Suitable data storage backend for Erlang application when data doesn't fit memory
Asked Answered
C

5

4

I'm researching possible options how to organize data storage for an Erlang application. The data it supposed to use is basically a huge collection of binary blobs indexed by short string ids. Each blob is under 10 Kb but there are many of them. I'd expect that in total they would have size up to 200 Gb so obviously it cannot fit into memory. The typical operation on this data is either reading a blob by its id or updating a blob by its id or adding a new one. At each given period of day only a subset of ids is being used so the data storage access performance might benefit from in-memory cache. Speaking about performance - it is quite critical. The target is to have around 500 reads and 500 updates per second on commodity hardware (say on EC2 VM).

Any suggestions what to use here? As I understand dets is out of question as it is limited to 2G (or was it 4G?). Mnesia probably out of question too; my impression is that it was mainly designed for cases when data fits memory. I'm considering trying EDTK's Berkeley DB driver for the task. Would it work in the above scenario? Does anybody have experience using it in the production in the similar conditions?

Cardcarrying answered 13/11, 2008 at 15:25 Comment(0)
R
5

tcerl came out of facing the same size limit. I'm not using Erlang these days but it sounds like what you're looking for.

Rudderhead answered 25/11, 2008 at 17:22 Comment(1)
That's for reply except that it is a bit too late - I already playing with tcerl in my application :)Cardcarrying
E
1

Have you looked at what CouchDB is doing? It might not be quite what you are after as a drop in product, but there is lots of erlang code in there for storing data. There is also some talk of providing a native erlang interface instead of the REST api.

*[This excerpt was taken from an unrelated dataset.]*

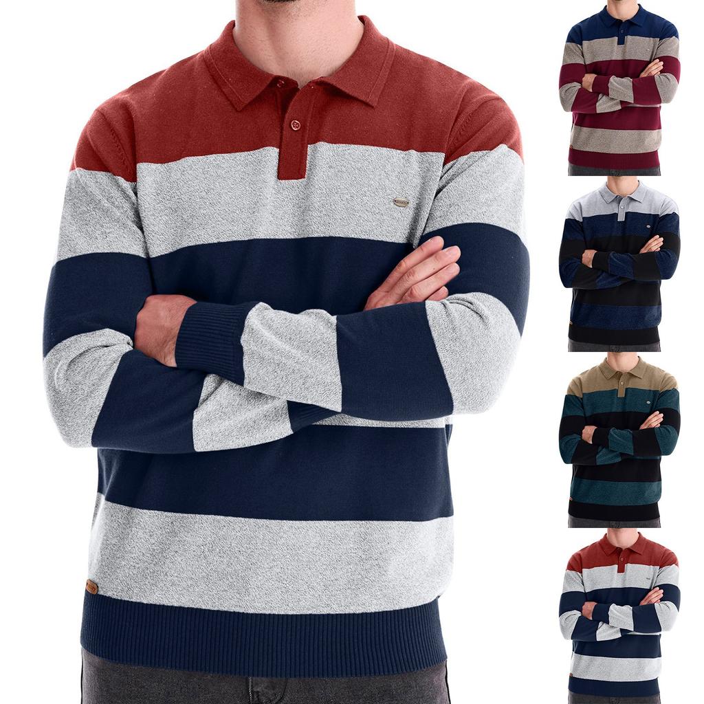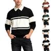 Men's Winter Color Blocked Striped Lapel Button Slim Fit Long Sleeve Top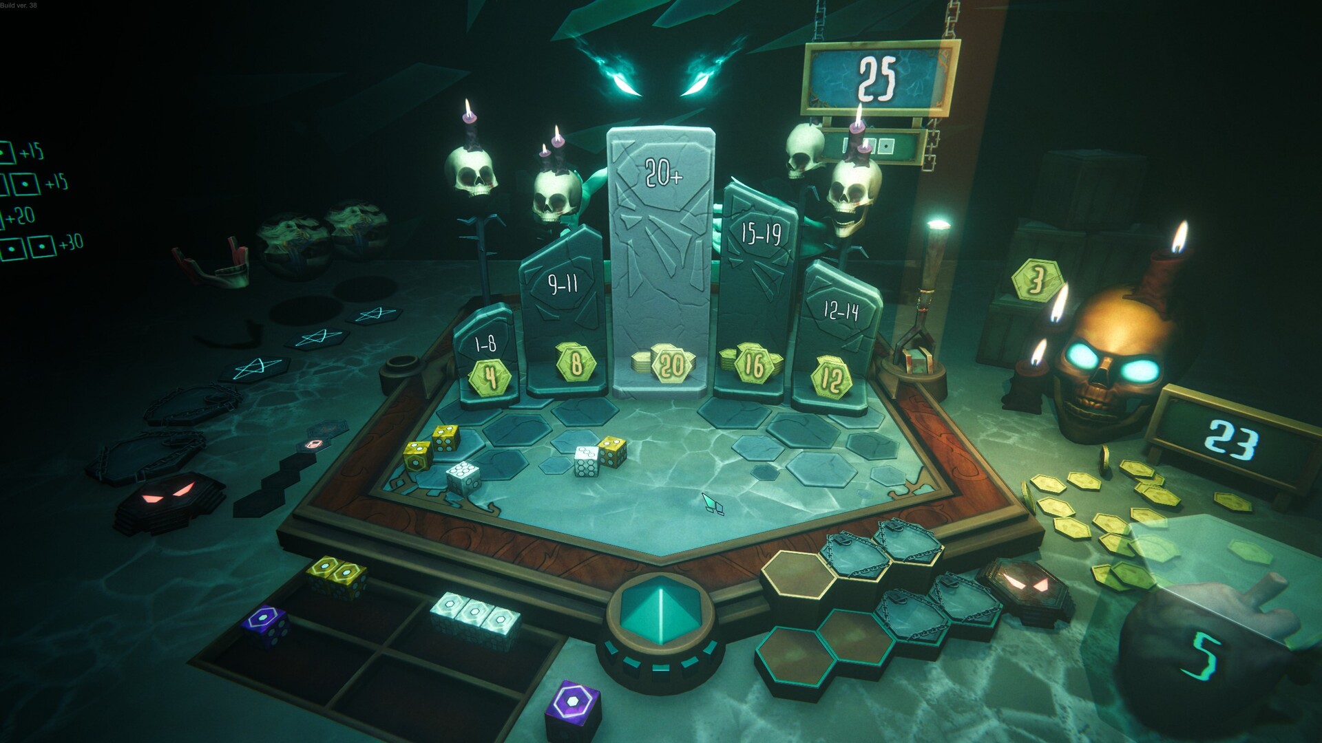Nutze unheilvolle Gegenstände, Relikte und schmutzige Tricks, um die Regeln zu deinen Gunsten zu verbiegen. Wirf im perfekten Moment neu, manipuliere Ergebnisse, schütze deine Hand oder durchkreuze die Pläne des Todes vor dem finalen Aufdecken.

Excaudate answered 25/11, 2008 at 16:58 Comment(0)
L
1

Is there any reason why you can't just use a file system, treating filename as your string id and file contents as a binary blob? You can choose one (filesystem) that fits your performance requirements, and you should get caching basically for free, provided by your OS.

Landward answered 25/11, 2008 at 20:31 Comment(1)
Actually tried this and found this to be somewhat slower then tcerl based implementation. Though I didn't bother to tune filesystem and besides while it was slower then tcerl it was fast enough for my requirements at least in basic benchmarks.Cardcarrying
C
0

Mnesia can store data on disk just fine. There's also dets (disk based term storage) which is roughly analogous to Berkeley DB. It's in the standard lib: http://www.erlang.org/doc/apps/stdlib/index.html

Clo answered 17/11, 2008 at 18:34 Comment(2)
Dets is unusable in my project - quote from documentation: "The size of Dets files cannot exceed 2 GB". Mnesia is based on dets too so it inherits its restrictions. As as a workaround one can do partitioning but I suspect the performance will suffer. From my limited testing dets is rather slow.Cardcarrying
I'd guess the 2GB dets limit only exists on 32bit arch... Ask the erlang mailing list, probably better than here for erlang, anyhow.Clo
D
0

I would recommend Apache CouchDB.

It's a great fit for Erlang, and from the sound of it (you mention ID-based blobs and don't mention any relational requirements) you're looking for a document-oriented database.

Since the interface is REST, you can very simply add a commodity HTTP cache in front of it if you need caching.

The documentation for CouchDB is of a very high quality.

It also has built-in Map-Reduce :)

Desuetude answered 7/1, 2009 at 16:42 Comment(0)

© 2022 - 2024 — McMap. All rights reserved.